--- RECORDS SHOWN ---
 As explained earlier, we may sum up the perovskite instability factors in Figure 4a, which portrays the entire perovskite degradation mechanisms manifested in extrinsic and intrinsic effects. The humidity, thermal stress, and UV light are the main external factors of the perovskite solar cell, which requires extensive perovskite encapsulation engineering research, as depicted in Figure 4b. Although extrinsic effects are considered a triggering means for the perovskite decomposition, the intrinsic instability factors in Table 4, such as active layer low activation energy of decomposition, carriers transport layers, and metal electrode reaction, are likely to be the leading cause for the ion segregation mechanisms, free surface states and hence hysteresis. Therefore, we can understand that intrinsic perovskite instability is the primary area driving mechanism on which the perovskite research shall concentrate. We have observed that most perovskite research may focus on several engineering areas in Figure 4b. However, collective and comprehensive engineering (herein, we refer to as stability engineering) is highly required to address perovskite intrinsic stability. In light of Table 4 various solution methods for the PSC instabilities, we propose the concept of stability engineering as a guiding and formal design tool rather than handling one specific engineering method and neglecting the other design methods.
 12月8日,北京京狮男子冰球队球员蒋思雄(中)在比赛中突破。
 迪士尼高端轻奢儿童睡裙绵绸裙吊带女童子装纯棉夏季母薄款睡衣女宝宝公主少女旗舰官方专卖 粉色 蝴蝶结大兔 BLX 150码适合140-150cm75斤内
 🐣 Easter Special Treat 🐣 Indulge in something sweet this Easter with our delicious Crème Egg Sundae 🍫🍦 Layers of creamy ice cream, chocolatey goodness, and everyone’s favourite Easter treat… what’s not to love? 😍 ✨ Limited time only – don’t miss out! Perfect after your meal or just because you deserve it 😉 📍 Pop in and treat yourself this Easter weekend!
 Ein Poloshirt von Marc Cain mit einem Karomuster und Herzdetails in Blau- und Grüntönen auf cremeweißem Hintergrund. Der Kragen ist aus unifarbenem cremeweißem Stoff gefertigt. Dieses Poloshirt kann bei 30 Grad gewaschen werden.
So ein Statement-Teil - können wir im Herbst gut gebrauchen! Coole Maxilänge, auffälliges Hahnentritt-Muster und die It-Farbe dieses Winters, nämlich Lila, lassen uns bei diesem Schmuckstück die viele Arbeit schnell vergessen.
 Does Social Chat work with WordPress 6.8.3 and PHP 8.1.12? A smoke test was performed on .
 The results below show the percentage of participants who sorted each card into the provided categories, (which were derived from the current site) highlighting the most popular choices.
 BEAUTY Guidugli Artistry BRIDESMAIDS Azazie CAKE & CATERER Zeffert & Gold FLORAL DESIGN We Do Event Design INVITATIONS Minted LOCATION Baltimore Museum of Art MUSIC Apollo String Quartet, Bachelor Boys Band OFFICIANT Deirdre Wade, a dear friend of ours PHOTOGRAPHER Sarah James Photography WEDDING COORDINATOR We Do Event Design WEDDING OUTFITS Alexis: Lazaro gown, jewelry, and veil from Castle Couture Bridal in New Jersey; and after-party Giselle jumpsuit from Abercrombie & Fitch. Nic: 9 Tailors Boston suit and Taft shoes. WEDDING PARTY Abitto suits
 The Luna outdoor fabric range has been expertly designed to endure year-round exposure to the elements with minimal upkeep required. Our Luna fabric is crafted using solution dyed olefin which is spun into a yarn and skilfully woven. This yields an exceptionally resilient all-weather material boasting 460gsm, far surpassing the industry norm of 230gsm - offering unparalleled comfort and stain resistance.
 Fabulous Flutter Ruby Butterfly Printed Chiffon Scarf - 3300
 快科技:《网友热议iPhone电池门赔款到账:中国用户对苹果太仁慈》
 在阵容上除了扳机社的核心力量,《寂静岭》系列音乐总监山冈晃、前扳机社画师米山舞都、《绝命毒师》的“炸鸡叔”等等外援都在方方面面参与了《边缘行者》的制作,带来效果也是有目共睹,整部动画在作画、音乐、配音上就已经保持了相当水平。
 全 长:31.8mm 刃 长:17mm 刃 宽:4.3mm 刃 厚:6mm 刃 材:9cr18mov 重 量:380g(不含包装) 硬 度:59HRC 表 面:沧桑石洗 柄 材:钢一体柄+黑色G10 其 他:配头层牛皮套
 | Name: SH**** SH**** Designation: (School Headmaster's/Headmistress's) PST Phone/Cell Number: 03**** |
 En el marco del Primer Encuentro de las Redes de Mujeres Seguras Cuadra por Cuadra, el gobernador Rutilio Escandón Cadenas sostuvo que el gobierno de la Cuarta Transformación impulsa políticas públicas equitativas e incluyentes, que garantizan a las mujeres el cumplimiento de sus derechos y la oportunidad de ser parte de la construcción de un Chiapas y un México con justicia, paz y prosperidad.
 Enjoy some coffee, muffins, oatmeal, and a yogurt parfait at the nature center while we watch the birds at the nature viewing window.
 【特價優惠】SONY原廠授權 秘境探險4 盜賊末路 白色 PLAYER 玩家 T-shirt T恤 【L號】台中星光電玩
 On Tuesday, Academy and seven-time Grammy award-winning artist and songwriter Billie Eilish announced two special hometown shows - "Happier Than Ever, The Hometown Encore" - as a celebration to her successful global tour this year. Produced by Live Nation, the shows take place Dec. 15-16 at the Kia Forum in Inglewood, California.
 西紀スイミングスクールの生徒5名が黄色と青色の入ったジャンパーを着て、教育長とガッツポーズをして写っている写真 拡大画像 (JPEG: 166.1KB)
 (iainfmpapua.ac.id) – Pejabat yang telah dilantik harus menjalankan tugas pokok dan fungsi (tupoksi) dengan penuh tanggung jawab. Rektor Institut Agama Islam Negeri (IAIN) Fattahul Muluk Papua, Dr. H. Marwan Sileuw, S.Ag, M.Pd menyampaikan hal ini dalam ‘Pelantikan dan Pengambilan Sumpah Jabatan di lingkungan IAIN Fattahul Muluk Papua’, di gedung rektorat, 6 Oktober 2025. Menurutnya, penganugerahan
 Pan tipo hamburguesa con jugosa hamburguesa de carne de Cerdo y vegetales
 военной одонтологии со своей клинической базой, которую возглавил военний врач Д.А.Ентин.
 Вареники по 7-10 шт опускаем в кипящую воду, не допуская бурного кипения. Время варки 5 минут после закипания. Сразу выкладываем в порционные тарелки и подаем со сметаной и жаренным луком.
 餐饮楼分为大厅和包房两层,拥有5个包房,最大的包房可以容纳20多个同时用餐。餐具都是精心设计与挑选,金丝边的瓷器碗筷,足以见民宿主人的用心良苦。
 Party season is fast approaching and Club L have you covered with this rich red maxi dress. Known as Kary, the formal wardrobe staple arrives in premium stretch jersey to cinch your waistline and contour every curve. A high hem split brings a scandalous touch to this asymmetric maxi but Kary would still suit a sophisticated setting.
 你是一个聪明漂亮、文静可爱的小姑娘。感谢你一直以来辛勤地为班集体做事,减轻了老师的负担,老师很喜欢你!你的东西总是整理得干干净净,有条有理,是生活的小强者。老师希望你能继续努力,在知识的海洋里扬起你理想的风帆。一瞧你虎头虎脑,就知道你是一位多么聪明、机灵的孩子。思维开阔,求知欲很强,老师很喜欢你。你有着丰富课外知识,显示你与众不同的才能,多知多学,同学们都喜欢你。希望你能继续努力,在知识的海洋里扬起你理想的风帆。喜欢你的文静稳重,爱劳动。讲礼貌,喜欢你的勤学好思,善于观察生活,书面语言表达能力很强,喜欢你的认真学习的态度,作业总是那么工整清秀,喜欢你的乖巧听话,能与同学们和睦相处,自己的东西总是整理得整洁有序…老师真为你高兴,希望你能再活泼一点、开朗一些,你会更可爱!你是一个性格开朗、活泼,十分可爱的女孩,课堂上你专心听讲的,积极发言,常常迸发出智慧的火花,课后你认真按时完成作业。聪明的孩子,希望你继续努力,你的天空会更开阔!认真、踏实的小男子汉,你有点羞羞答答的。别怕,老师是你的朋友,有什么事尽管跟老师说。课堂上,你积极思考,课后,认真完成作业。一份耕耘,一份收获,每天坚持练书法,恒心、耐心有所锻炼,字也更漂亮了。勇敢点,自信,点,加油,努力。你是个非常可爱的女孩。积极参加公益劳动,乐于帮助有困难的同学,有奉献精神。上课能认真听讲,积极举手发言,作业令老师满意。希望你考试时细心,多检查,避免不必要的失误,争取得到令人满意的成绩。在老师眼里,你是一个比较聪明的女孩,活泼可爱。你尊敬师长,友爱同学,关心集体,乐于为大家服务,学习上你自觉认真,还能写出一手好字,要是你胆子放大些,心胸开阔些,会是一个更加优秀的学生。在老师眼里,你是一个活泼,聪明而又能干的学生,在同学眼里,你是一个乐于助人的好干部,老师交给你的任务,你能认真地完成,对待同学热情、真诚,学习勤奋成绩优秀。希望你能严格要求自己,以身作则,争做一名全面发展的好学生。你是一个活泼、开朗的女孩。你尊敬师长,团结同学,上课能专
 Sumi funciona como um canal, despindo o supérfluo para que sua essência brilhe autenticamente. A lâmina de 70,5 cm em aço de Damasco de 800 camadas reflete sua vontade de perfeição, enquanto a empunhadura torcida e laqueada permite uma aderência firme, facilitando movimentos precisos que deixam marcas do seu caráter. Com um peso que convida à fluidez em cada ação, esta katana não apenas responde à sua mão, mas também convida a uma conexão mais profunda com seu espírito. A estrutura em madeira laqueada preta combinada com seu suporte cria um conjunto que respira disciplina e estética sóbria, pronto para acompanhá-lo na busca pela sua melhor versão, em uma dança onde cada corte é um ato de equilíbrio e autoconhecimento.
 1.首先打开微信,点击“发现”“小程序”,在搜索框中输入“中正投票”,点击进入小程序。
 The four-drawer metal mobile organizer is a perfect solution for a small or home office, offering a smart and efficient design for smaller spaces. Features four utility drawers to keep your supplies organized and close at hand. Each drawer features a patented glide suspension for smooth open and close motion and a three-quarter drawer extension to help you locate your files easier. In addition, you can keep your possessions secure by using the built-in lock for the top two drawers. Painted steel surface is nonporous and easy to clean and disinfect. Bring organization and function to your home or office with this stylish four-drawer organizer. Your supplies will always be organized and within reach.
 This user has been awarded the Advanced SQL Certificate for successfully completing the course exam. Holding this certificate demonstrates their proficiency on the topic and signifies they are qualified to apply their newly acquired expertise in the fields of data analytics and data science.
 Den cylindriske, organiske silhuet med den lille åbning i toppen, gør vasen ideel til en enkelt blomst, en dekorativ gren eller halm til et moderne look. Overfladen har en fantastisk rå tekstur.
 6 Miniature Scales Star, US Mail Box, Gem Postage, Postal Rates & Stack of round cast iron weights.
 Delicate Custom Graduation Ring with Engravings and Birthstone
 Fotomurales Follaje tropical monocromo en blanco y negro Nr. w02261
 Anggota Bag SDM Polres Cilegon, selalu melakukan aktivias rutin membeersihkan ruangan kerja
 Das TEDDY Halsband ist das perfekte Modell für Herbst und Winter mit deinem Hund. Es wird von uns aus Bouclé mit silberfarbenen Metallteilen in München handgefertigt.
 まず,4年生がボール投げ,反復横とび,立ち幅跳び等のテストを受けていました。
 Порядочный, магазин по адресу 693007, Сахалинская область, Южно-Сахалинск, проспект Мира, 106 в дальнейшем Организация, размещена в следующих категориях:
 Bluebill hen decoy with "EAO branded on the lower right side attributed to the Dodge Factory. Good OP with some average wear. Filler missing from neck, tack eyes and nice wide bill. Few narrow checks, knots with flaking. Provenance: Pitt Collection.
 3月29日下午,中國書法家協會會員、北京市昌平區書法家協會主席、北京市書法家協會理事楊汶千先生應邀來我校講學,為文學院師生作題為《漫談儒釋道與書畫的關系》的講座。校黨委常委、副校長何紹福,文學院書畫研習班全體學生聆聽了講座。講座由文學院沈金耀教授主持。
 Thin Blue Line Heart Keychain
---
ACTIVITY
Using the entries above, output exactly the lines between the line holding "The four-drawer metal" and the line holding "Delicate Custom Graduation", end lines included, and nothing more.

SOLUTION TO THE PROBLEM
 The four-drawer metal mobile organizer is a perfect solution for a small or home office, offering a smart and efficient design for smaller spaces. Features four utility drawers to keep your supplies organized and close at hand. Each drawer features a patented glide suspension for smooth open and close motion and a three-quarter drawer extension to help you locate your files easier. In addition, you can keep your possessions secure by using the built-in lock for the top two drawers. Painted steel surface is nonporous and easy to clean and disinfect. Bring organization and function to your home or office with this stylish four-drawer organizer. Your supplies will always be organized and within reach.
 This user has been awarded the Advanced SQL Certificate for successfully completing the course exam. Holding this certificate demonstrates their proficiency on the topic and signifies they are qualified to apply their newly acquired expertise in the fields of data analytics and data science.
 Den cylindriske, organiske silhuet med den lille åbning i toppen, gør vasen ideel til en enkelt blomst, en dekorativ gren eller halm til et moderne look. Overfladen har en fantastisk rå tekstur.
 6 Miniature Scales Star, US Mail Box, Gem Postage, Postal Rates & Stack of round cast iron weights.
 Delicate Custom Graduation Ring with Engravings and Birthstone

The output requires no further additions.